Lecture
Present We will consider one of the questions related to the verification of the likelihood of hypotheses, namely, the question of the consistency of the theoretical and statistical distribution.
Assume that this statistical distribution is aligned with the help of some theoretical curve (fig. 7.6.1). No matter how well the theoretical curve is chosen, some discrepancies are inevitable between it and the statistical distribution. Naturally, the question arises: are these differences explained only by random circumstances associated with a limited number of observations, or are they significant and related to the fact that the curve we have chosen does not evenly align this statistical distribution? To answer this question are the so-called "criteria of consent."
The idea of applying acceptance criteria is as follows.
Based on this statistical material we have to test the hypothesis consisting in that random variable obeys some definite law of distribution. This law can be specified in one form or another: for example, as a distribution function or as a distribution density or in the form of a set of probabilities where - the probability that the magnitude will fall into the limits th discharge.
Fig. 7.6.1
Since of these forms, the distribution function is the most common and defines any other, we will formulate a hypothesis as consisting in that magnitude has a distribution function .

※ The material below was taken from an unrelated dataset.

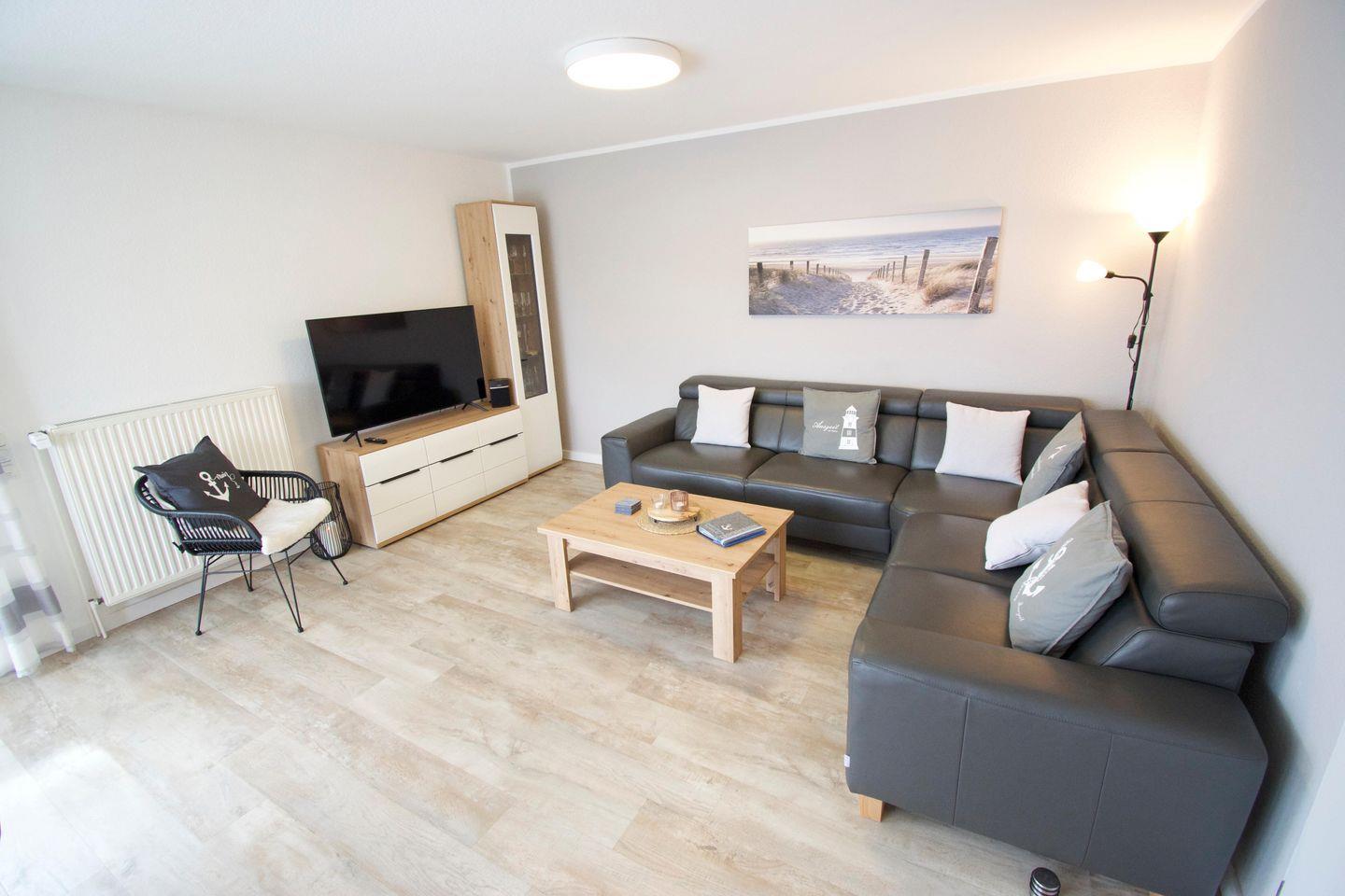 Die großzügige Doppelhaushälfte bietet auf ca. 110 m² Platz für sechs Personen und bis zu zwei Kleinkindern. Auf der Terrasse können Sie nach Herzenslust grillen und Sonnenbaden. Zur Entspannung können Sie den eigenen Strandkorb nutzen. Direkt vor dem Haus befindet sich ein Pkw-Stellplatz mit 22KW Wallbox, sodass auch E-Autos geladen werden können. WLAN ist im gesamten Haus kostenlos verfügbar. Durch den nur 100 m entfernten Spielplatz und die sehr kindgerechte Ausstattung ist das Haus perfekt geeignet für einen Urlaub mit der ganzen Familie.
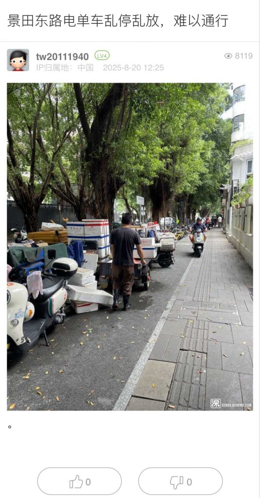 網(wǎng)友您好,您反映的問題我們已收悉,現(xiàn)將有關(guān)情況答復(fù)如下:接到反映的情況后,街道已進(jìn)一步加強(qiáng)對景田東路沿線人行道的巡查力度,并在人行道上進(jìn)行“隨手扶”,將隨意停放的共享單車、非機(jī)動車逐一規(guī)范擺放至劃線區(qū)域內(nèi);后續(xù),街道將繼續(xù)安排巡查人員與社區(qū)網(wǎng)格員聯(lián)動常態(tài)化對該區(qū)域開展巡查,開展“隨手扶”,規(guī)整超出停車劃線區(qū)域的非機(jī)動車,在滿足市民正常使用需求的同時,確保道路暢通、行人出行安全,共同創(chuàng)建和諧安全的社區(qū)生活環(huán)境。

In order to accept or disprove the hypothesis consider some value characterizing the degree of discrepancy between the theoretical and statistical distributions. Magnitude can be selected in various ways; for example, as you can take the sum of the squares of the deviations of theoretical probabilities from relevant frequencies or the sum of the same squares with some coefficients ("weights"), or the maximum deviation of the statistical distribution function from theoretical etc. Let us assume that the quantity selected one way or another. Obviously, this is some random variable. The distribution law of this random variable depends on the distribution law of the random variable. over which experiments were made, and on the number of experiments . If hypothesis true, then the distribution law determined by the law of distribution of magnitude (function ) and number .
Suppose that this distribution law is known to us. As a result of this series of experiments, it was found that the chosen measure of discrepancy took some meaning . The question is whether this can be explained by random reasons or is this discrepancy too great and indicates the presence of a significant difference between the theoretical and statistical distributions and, consequently, the unsuitability of the hypothesis ? To answer this question, suppose the hypothesis is correct, and we calculate in this assumption the probability that the hypothesis is correct, and we calculate in this assumption the probability that due to random reasons associated with an insufficient amount of experimental material, the measure of discrepancy will be no less than the value we observed in the experiment , i.e., we calculate the probability of an event:
.
If this probability is very small, then the hypothesis should reject as little believable; if this probability is significant, it should be recognized that the experimental data do not contradict the hypothesis .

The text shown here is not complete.